WHAT TO WORK ON
Quote word for word the lines below, beginning with the first and ending with the one that has "Вазочка с орнаментальным". Drop the pictures.

[Collection entries]
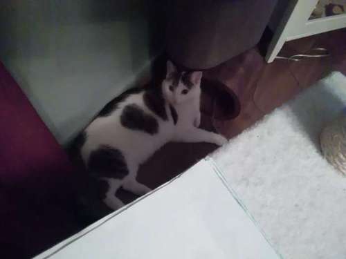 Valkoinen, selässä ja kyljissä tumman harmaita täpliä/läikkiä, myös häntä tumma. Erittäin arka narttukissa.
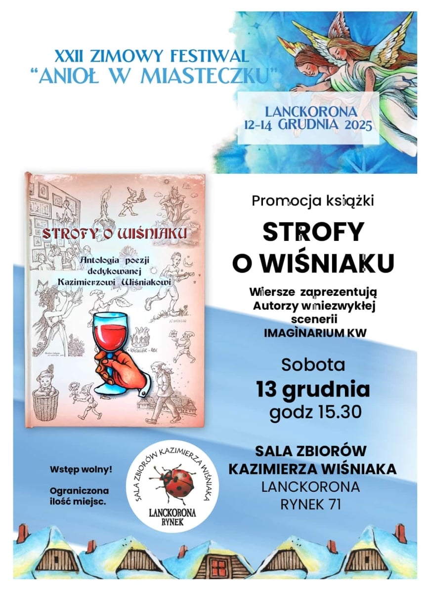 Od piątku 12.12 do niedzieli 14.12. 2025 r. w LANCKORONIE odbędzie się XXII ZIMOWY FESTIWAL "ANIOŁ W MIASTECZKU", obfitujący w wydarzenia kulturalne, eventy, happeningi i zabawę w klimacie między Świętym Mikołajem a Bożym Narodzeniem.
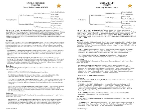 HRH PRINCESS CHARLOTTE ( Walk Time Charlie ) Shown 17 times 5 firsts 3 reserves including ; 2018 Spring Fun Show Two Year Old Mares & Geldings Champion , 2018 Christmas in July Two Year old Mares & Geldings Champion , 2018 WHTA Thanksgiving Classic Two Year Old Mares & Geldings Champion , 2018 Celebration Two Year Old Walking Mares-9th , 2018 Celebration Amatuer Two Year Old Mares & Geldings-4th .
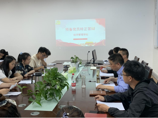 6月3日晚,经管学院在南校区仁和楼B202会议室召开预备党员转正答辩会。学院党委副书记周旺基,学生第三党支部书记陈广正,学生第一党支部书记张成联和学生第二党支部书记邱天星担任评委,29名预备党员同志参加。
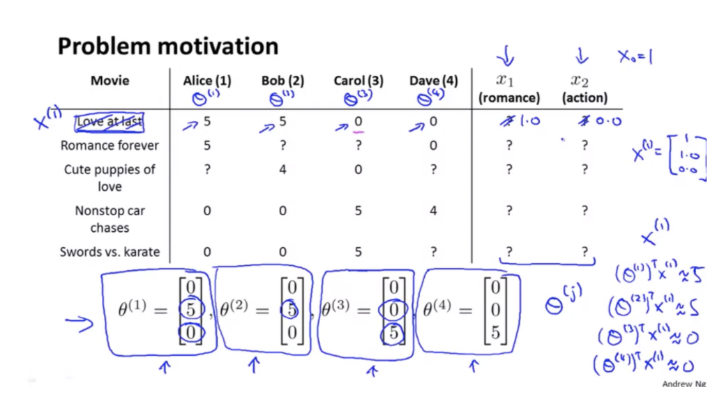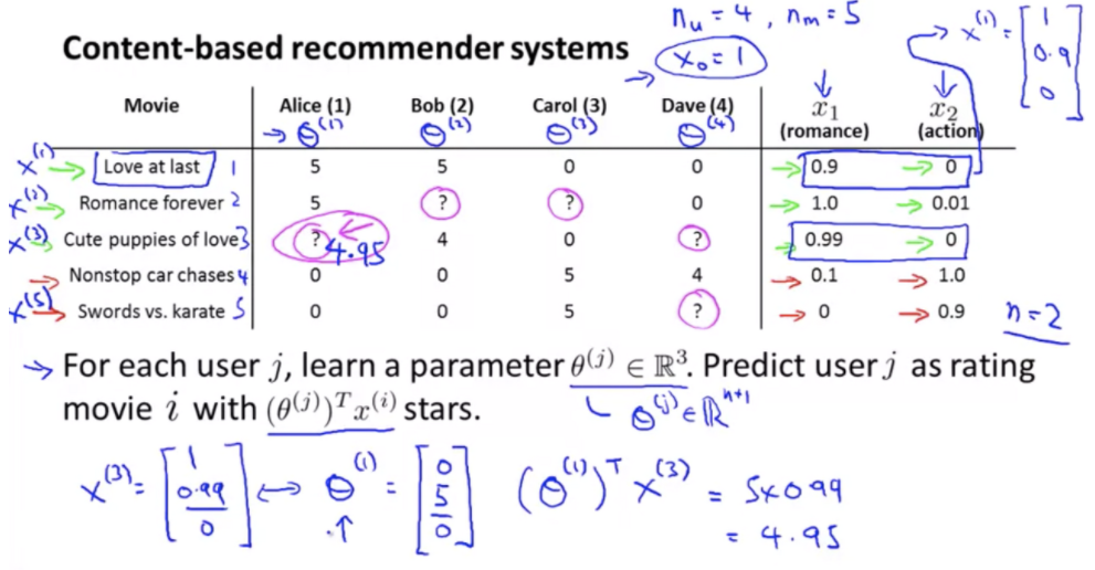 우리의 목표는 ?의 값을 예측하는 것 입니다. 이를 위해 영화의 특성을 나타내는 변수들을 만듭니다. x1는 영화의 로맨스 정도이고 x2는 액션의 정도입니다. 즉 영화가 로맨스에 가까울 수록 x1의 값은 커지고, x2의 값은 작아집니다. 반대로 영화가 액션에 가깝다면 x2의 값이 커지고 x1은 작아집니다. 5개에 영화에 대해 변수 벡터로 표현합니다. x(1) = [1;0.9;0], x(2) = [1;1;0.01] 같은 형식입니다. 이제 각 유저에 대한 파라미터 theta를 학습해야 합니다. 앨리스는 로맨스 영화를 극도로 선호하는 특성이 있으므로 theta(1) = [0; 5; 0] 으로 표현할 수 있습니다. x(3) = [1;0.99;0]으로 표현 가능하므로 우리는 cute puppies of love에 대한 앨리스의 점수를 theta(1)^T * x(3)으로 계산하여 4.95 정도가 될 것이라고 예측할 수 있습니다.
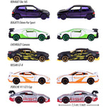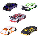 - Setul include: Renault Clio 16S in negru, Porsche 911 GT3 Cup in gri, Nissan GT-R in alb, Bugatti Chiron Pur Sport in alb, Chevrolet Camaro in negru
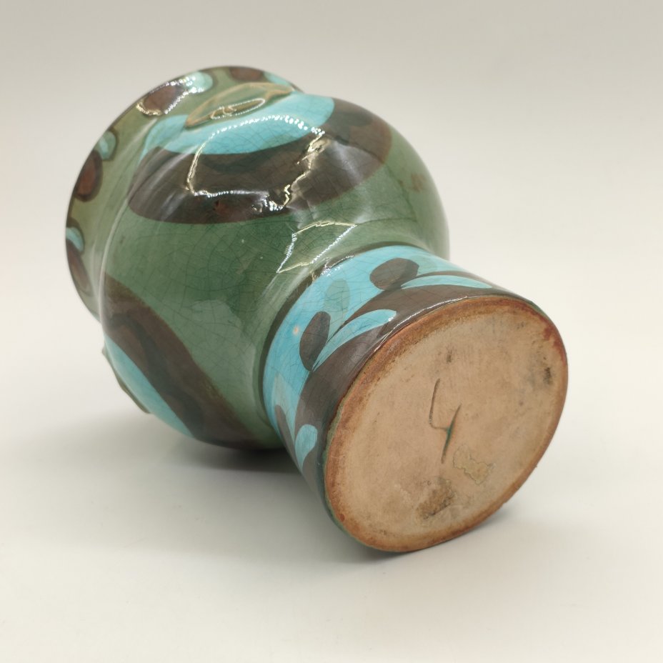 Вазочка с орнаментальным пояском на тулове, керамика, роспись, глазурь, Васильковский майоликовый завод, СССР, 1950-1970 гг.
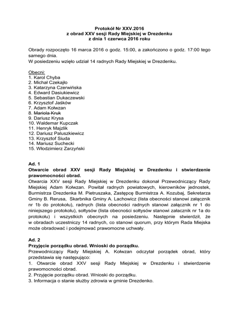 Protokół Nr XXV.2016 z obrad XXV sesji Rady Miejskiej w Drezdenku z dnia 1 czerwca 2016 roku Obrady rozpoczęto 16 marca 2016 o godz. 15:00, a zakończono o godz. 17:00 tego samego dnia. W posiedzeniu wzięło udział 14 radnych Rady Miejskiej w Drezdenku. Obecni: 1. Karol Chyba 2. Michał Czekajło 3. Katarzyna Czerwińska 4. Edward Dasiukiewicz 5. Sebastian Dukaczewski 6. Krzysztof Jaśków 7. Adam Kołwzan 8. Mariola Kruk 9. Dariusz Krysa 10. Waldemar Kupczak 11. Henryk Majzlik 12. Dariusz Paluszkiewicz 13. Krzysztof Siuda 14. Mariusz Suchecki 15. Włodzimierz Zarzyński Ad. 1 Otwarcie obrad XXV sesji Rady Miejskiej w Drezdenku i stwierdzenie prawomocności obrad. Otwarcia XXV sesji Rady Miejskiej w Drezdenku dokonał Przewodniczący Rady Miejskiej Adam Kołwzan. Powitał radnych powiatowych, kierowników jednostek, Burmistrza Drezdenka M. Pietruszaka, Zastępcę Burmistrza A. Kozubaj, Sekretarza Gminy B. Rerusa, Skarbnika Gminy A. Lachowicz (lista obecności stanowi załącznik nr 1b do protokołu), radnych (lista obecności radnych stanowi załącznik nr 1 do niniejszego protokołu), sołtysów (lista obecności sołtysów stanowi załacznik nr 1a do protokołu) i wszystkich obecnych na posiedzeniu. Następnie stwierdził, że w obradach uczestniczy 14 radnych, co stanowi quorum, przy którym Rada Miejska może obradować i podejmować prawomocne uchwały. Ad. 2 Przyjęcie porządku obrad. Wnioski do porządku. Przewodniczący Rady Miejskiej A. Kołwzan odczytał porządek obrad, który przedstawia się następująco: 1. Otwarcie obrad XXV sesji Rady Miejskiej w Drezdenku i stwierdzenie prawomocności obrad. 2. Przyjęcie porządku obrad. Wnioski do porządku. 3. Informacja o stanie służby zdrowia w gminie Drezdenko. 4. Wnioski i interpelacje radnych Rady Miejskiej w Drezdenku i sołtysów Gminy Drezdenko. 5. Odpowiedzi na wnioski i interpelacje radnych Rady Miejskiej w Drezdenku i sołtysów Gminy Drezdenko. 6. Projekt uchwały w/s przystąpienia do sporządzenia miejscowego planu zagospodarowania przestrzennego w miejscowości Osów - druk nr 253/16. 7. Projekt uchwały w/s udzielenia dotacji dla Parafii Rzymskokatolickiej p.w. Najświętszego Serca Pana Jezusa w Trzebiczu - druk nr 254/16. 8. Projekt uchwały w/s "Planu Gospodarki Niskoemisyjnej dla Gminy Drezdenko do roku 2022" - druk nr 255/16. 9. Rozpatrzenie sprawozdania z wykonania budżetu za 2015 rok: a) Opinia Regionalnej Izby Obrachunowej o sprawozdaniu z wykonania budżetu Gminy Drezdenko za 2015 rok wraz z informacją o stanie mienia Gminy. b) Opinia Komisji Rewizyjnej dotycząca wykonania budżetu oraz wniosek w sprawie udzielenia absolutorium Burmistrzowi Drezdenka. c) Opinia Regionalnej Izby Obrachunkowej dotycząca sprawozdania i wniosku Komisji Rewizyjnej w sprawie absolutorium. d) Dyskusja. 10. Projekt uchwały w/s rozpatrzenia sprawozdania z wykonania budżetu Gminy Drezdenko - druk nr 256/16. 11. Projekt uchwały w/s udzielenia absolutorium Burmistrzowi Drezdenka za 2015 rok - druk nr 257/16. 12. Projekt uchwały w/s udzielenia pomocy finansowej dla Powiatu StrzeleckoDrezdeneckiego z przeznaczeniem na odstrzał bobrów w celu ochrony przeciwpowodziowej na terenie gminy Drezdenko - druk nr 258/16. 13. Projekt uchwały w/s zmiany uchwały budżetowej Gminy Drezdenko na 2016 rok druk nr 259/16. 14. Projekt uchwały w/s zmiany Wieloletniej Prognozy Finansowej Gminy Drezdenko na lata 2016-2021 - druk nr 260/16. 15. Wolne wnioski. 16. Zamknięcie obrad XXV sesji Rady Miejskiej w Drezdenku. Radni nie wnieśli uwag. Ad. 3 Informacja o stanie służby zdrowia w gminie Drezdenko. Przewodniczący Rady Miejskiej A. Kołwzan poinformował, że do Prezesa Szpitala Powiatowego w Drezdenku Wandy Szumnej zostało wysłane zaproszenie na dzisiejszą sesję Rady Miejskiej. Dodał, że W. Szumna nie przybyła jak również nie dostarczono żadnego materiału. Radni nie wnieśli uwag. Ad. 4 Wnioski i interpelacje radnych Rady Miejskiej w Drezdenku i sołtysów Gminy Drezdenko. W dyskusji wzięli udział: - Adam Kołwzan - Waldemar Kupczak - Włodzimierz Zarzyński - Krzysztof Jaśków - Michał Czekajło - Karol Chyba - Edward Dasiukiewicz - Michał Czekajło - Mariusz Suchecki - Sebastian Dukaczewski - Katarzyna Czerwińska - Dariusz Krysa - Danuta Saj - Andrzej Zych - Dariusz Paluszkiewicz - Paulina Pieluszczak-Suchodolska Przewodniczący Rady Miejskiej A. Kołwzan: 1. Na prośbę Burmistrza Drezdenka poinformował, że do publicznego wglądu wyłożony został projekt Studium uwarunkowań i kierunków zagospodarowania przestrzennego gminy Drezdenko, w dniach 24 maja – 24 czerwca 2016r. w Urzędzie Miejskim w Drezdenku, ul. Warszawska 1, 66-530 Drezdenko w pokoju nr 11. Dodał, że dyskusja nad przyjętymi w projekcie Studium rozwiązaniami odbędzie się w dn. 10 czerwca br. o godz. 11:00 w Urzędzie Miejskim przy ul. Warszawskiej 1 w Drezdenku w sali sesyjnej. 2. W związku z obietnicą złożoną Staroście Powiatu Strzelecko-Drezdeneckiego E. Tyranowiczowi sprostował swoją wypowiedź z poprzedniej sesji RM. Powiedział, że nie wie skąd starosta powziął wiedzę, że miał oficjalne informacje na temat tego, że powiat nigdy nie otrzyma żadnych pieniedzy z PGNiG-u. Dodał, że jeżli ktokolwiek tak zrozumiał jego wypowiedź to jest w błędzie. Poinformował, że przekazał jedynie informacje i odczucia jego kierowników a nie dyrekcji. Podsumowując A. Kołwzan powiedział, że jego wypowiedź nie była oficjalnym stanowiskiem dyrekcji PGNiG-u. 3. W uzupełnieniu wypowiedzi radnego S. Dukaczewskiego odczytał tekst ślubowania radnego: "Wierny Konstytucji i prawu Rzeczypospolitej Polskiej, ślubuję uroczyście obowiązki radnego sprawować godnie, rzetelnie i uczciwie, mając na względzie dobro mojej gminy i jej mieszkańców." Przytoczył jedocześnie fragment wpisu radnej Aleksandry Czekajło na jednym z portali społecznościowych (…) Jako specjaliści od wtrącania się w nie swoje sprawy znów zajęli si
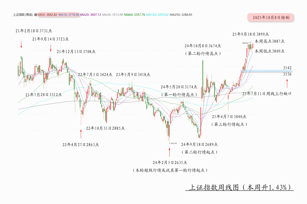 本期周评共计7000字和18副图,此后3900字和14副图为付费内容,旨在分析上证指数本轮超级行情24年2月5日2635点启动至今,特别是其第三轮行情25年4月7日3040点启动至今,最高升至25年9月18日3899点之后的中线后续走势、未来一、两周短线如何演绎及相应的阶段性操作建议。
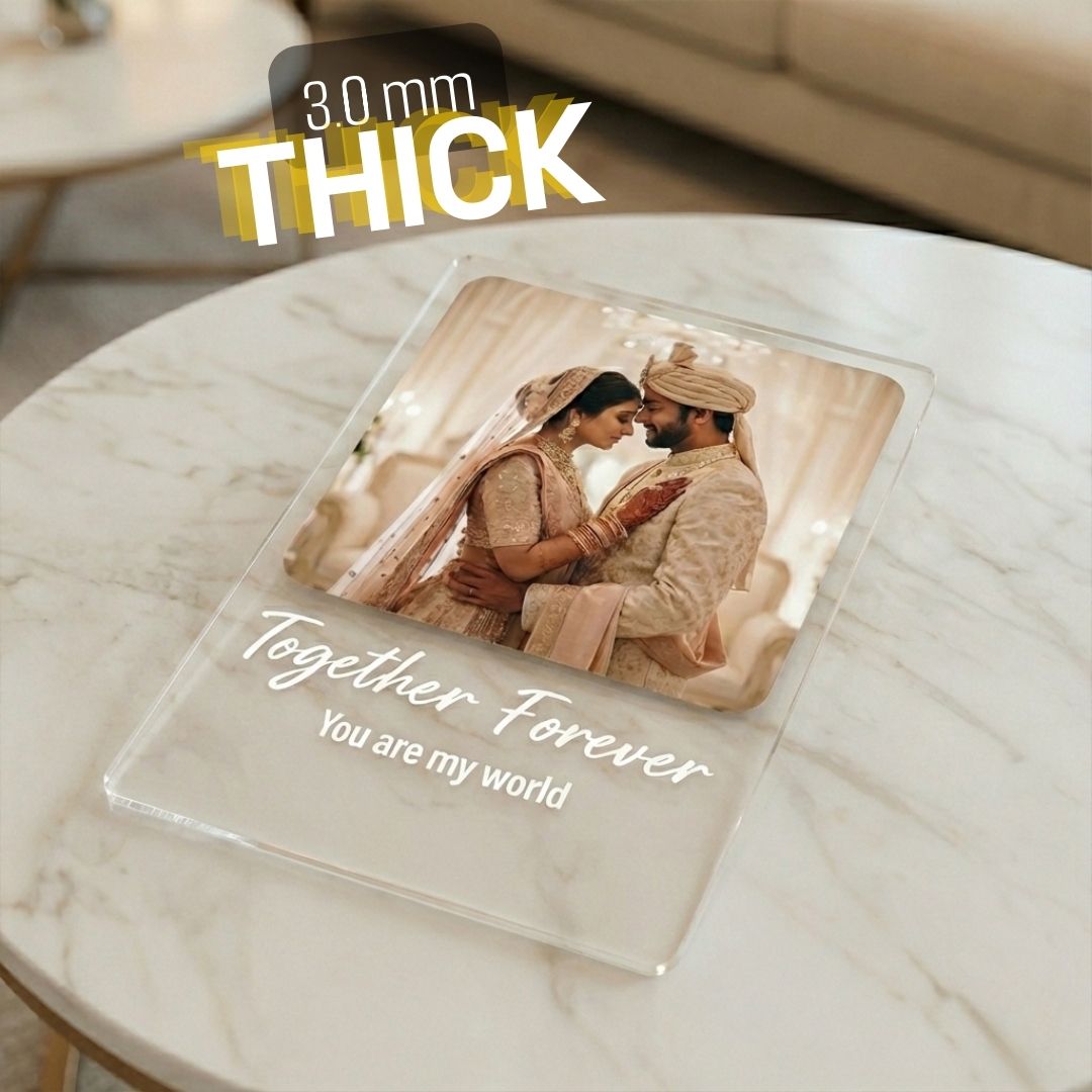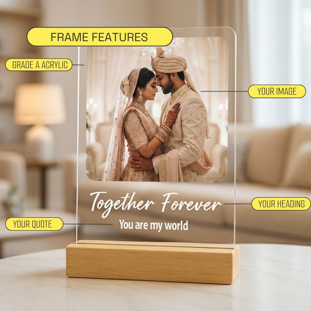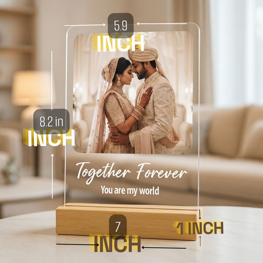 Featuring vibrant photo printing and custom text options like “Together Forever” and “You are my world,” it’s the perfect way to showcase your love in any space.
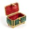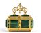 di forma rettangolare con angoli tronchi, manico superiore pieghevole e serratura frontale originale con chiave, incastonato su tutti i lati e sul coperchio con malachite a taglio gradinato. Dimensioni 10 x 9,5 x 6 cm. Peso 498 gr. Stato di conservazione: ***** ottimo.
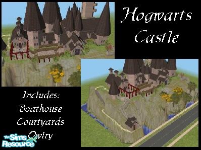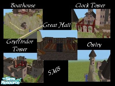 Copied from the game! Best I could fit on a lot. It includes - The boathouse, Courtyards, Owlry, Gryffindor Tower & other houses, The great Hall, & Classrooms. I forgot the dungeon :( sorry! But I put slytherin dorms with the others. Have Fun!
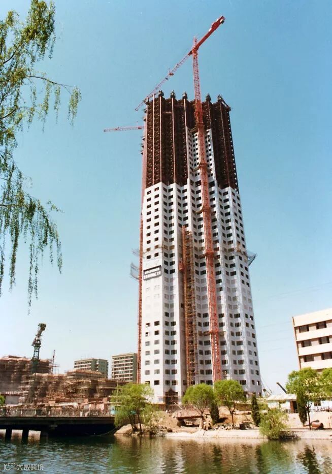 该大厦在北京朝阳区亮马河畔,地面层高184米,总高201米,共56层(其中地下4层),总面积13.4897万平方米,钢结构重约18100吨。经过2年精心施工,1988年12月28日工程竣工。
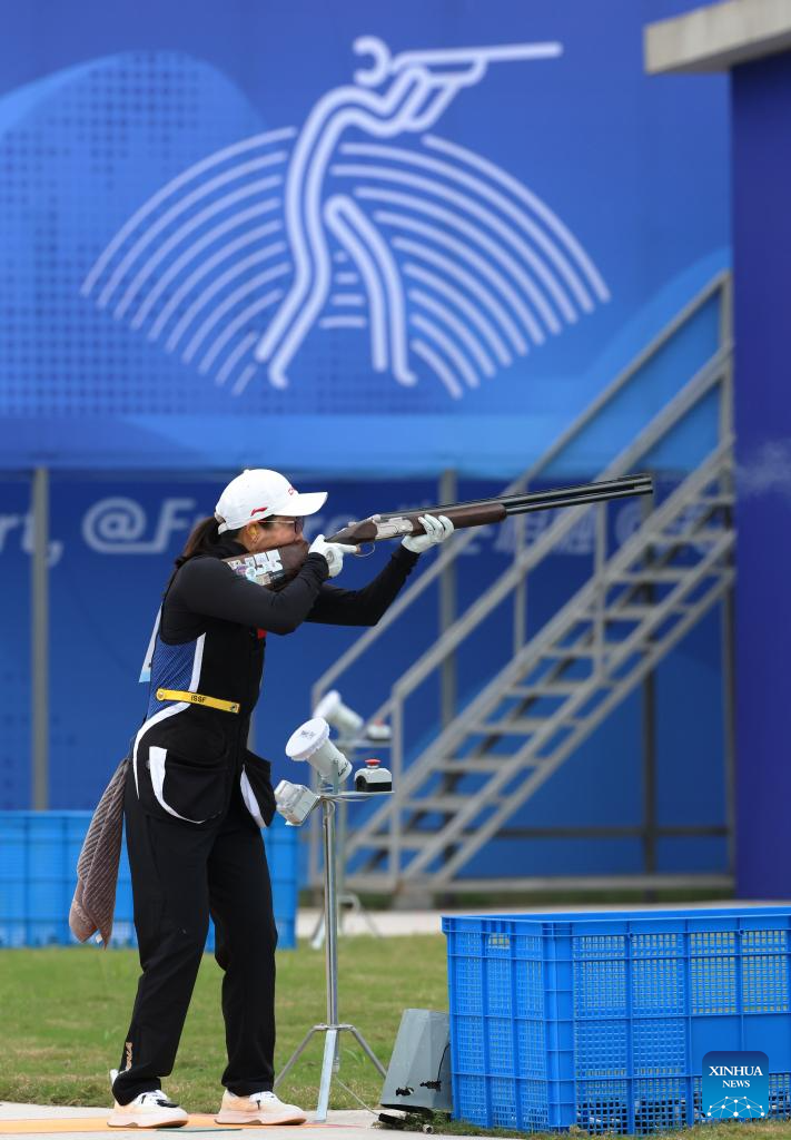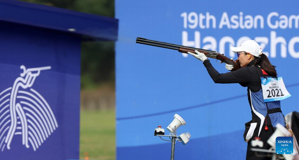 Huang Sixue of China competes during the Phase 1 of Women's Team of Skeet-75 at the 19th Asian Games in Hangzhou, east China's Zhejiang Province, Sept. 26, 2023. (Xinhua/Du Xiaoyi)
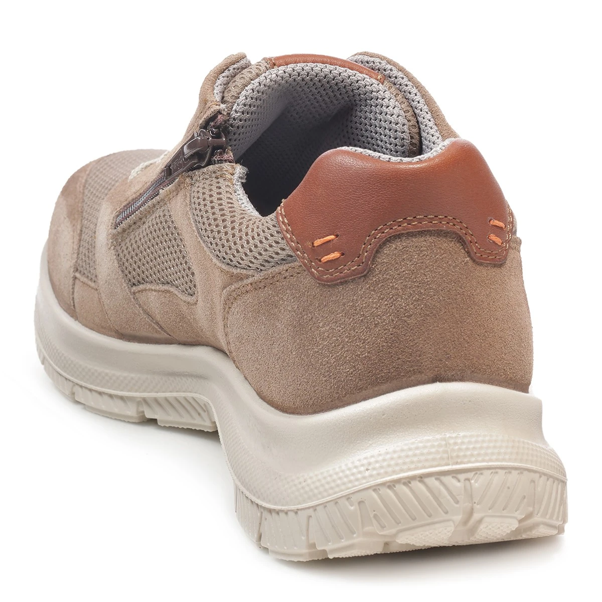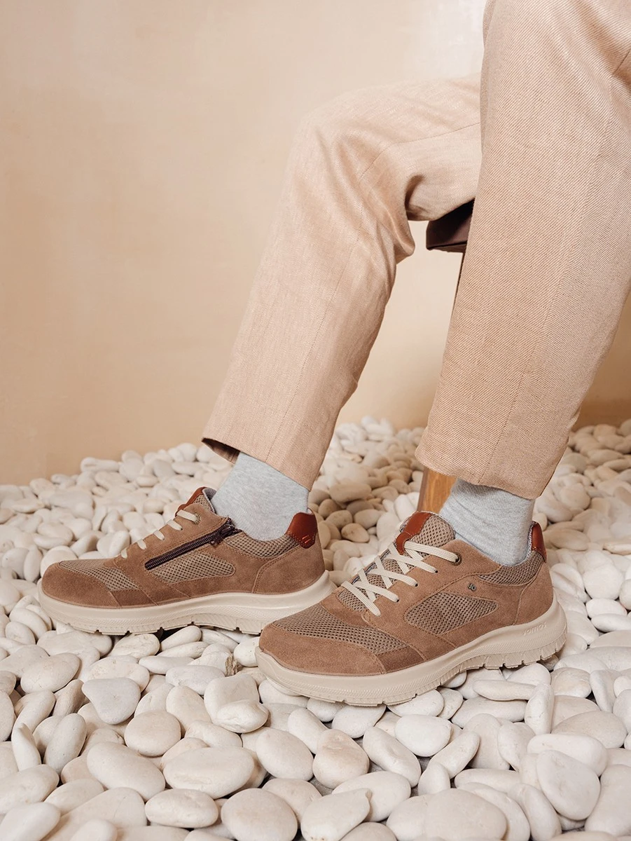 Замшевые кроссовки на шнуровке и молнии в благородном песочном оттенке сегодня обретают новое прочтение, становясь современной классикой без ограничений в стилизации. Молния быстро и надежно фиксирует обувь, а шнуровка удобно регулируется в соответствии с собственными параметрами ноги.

EXERCISE ANSWER
 Valkoinen, selässä ja kyljissä tumman harmaita täpliä/läikkiä, myös häntä tumma. Erittäin arka narttukissa.
 Od piątku 12.12 do niedzieli 14.12. 2025 r. w LANCKORONIE odbędzie się XXII ZIMOWY FESTIWAL "ANIOŁ W MIASTECZKU", obfitujący w wydarzenia kulturalne, eventy, happeningi i zabawę w klimacie między Świętym Mikołajem a Bożym Narodzeniem.
 HRH PRINCESS CHARLOTTE ( Walk Time Charlie ) Shown 17 times 5 firsts 3 reserves including ; 2018 Spring Fun Show Two Year Old Mares & Geldings Champion , 2018 Christmas in July Two Year old Mares & Geldings Champion , 2018 WHTA Thanksgiving Classic Two Year Old Mares & Geldings Champion , 2018 Celebration Two Year Old Walking Mares-9th , 2018 Celebration Amatuer Two Year Old Mares & Geldings-4th .
 6月3日晚,经管学院在南校区仁和楼B202会议室召开预备党员转正答辩会。学院党委副书记周旺基,学生第三党支部书记陈广正,学生第一党支部书记张成联和学生第二党支部书记邱天星担任评委,29名预备党员同志参加。
 우리의 목표는 ?의 값을 예측하는 것 입니다. 이를 위해 영화의 특성을 나타내는 변수들을 만듭니다. x1는 영화의 로맨스 정도이고 x2는 액션의 정도입니다. 즉 영화가 로맨스에 가까울 수록 x1의 값은 커지고, x2의 값은 작아집니다. 반대로 영화가 액션에 가깝다면 x2의 값이 커지고 x1은 작아집니다. 5개에 영화에 대해 변수 벡터로 표현합니다. x(1) = [1;0.9;0], x(2) = [1;1;0.01] 같은 형식입니다. 이제 각 유저에 대한 파라미터 theta를 학습해야 합니다. 앨리스는 로맨스 영화를 극도로 선호하는 특성이 있으므로 theta(1) = [0; 5; 0] 으로 표현할 수 있습니다. x(3) = [1;0.99;0]으로 표현 가능하므로 우리는 cute puppies of love에 대한 앨리스의 점수를 theta(1)^T * x(3)으로 계산하여 4.95 정도가 될 것이라고 예측할 수 있습니다.
 - Setul include: Renault Clio 16S in negru, Porsche 911 GT3 Cup in gri, Nissan GT-R in alb, Bugatti Chiron Pur Sport in alb, Chevrolet Camaro in negru
 Вазочка с орнаментальным пояском на тулове, керамика, роспись, глазурь, Васильковский майоликовый завод, СССР, 1950-1970 гг.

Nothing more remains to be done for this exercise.